* Your goal
Below are the records to transcribe exactly; do not include any images.

* Input records
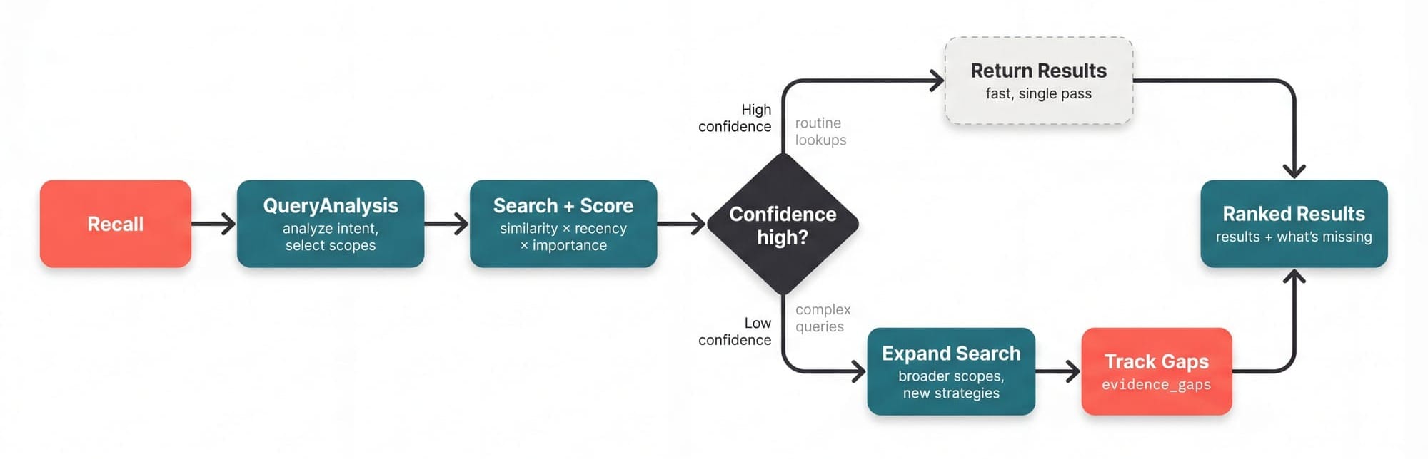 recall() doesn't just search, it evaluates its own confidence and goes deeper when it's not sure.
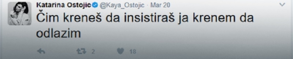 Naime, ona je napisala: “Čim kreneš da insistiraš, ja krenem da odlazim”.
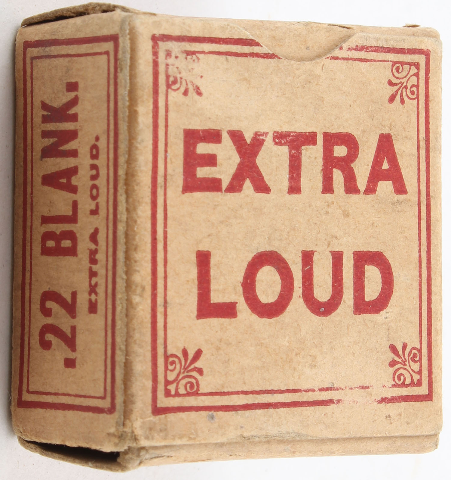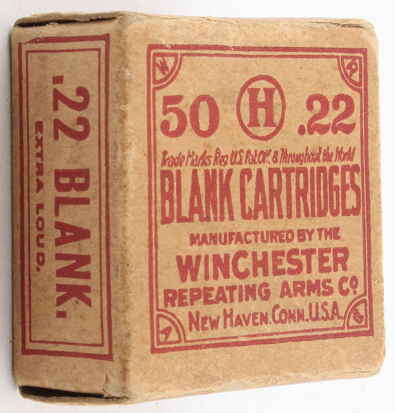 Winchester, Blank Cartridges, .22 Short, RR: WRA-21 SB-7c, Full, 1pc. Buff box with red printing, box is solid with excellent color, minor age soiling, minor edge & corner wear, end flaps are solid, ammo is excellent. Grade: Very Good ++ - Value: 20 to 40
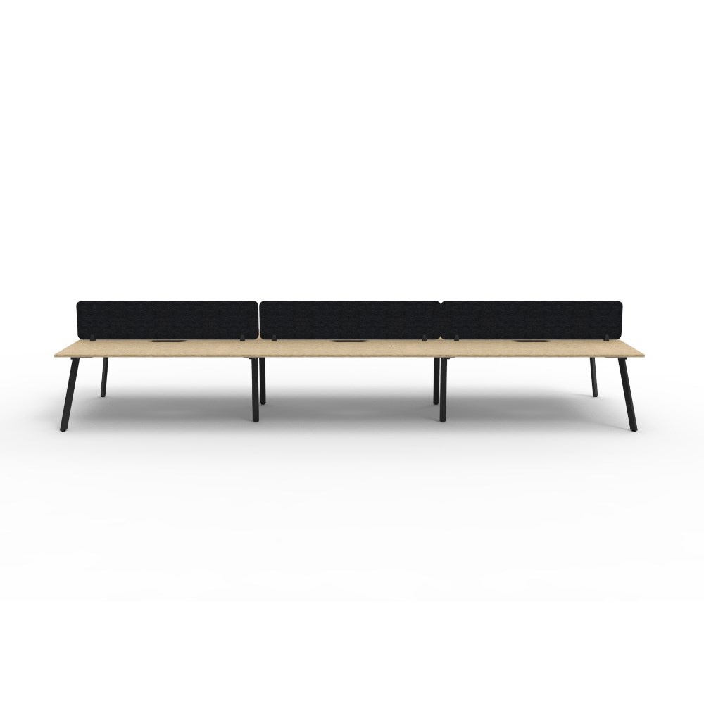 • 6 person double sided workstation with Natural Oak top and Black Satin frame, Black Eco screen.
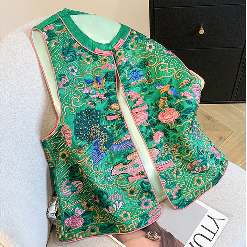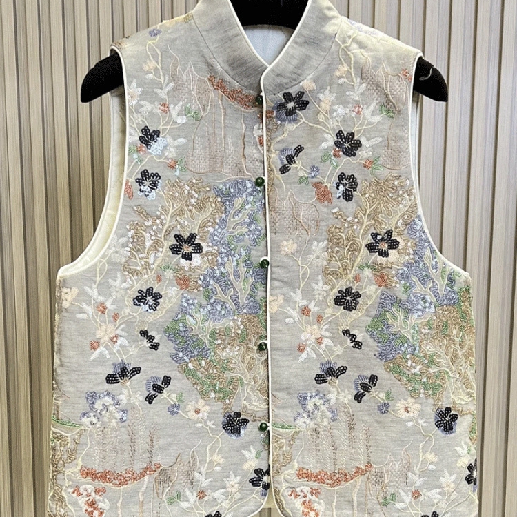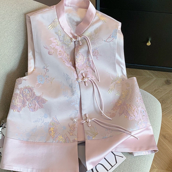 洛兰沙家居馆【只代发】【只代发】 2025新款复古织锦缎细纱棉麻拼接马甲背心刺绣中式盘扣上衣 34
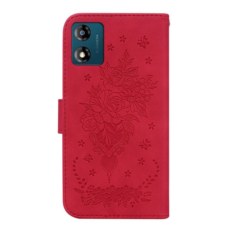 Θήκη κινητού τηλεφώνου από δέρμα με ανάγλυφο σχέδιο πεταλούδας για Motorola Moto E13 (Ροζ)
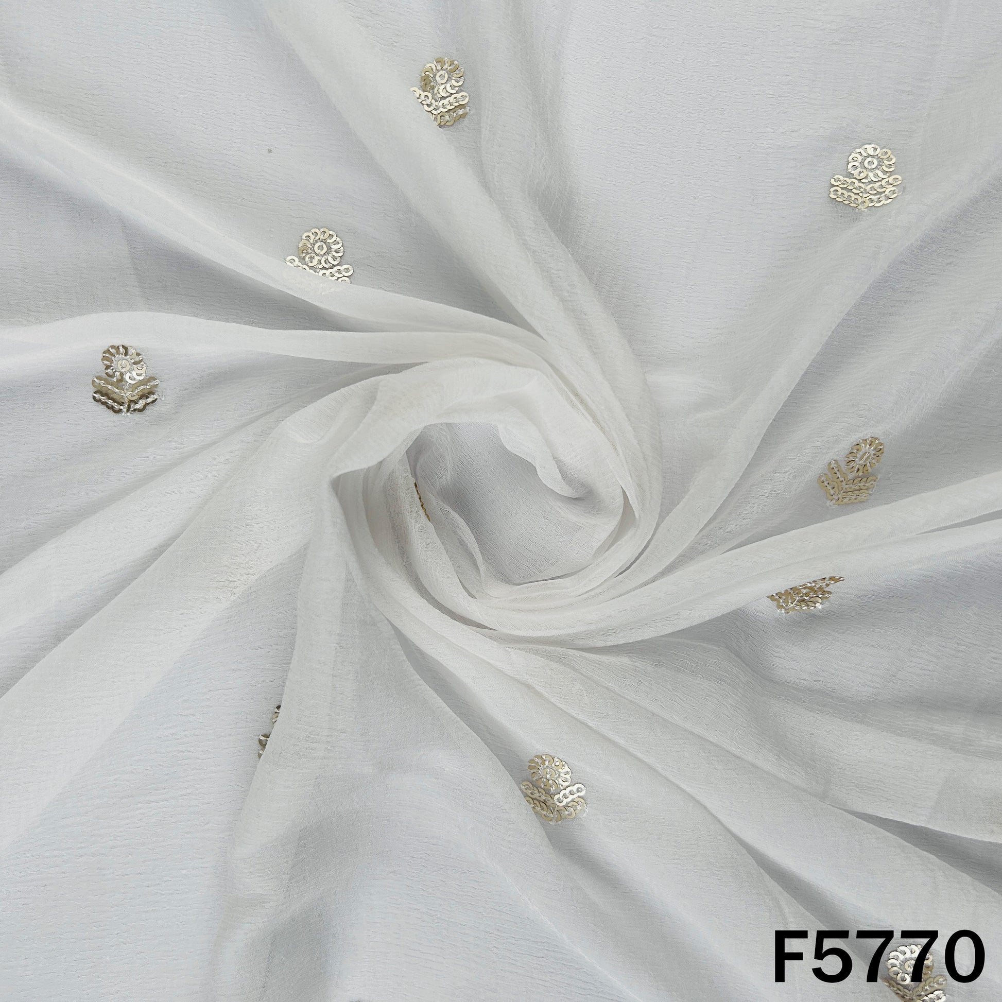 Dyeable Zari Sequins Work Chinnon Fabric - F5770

* Solution for this problem
 recall() doesn't just search, it evaluates its own confidence and goes deeper when it's not sure.
 Naime, ona je napisala: “Čim kreneš da insistiraš, ja krenem da odlazim”.
 Winchester, Blank Cartridges, .22 Short, RR: WRA-21 SB-7c, Full, 1pc. Buff box with red printing, box is solid with excellent color, minor age soiling, minor edge & corner wear, end flaps are solid, ammo is excellent. Grade: Very Good ++ - Value: 20 to 40
 • 6 person double sided workstation with Natural Oak top and Black Satin frame, Black Eco screen.
 洛兰沙家居馆【只代发】【只代发】 2025新款复古织锦缎细纱棉麻拼接马甲背心刺绣中式盘扣上衣 34
 Θήκη κινητού τηλεφώνου από δέρμα με ανάγλυφο σχέδιο πεταλούδας για Motorola Moto E13 (Ροζ)
 Dyeable Zari Sequins Work Chinnon Fabric - F5770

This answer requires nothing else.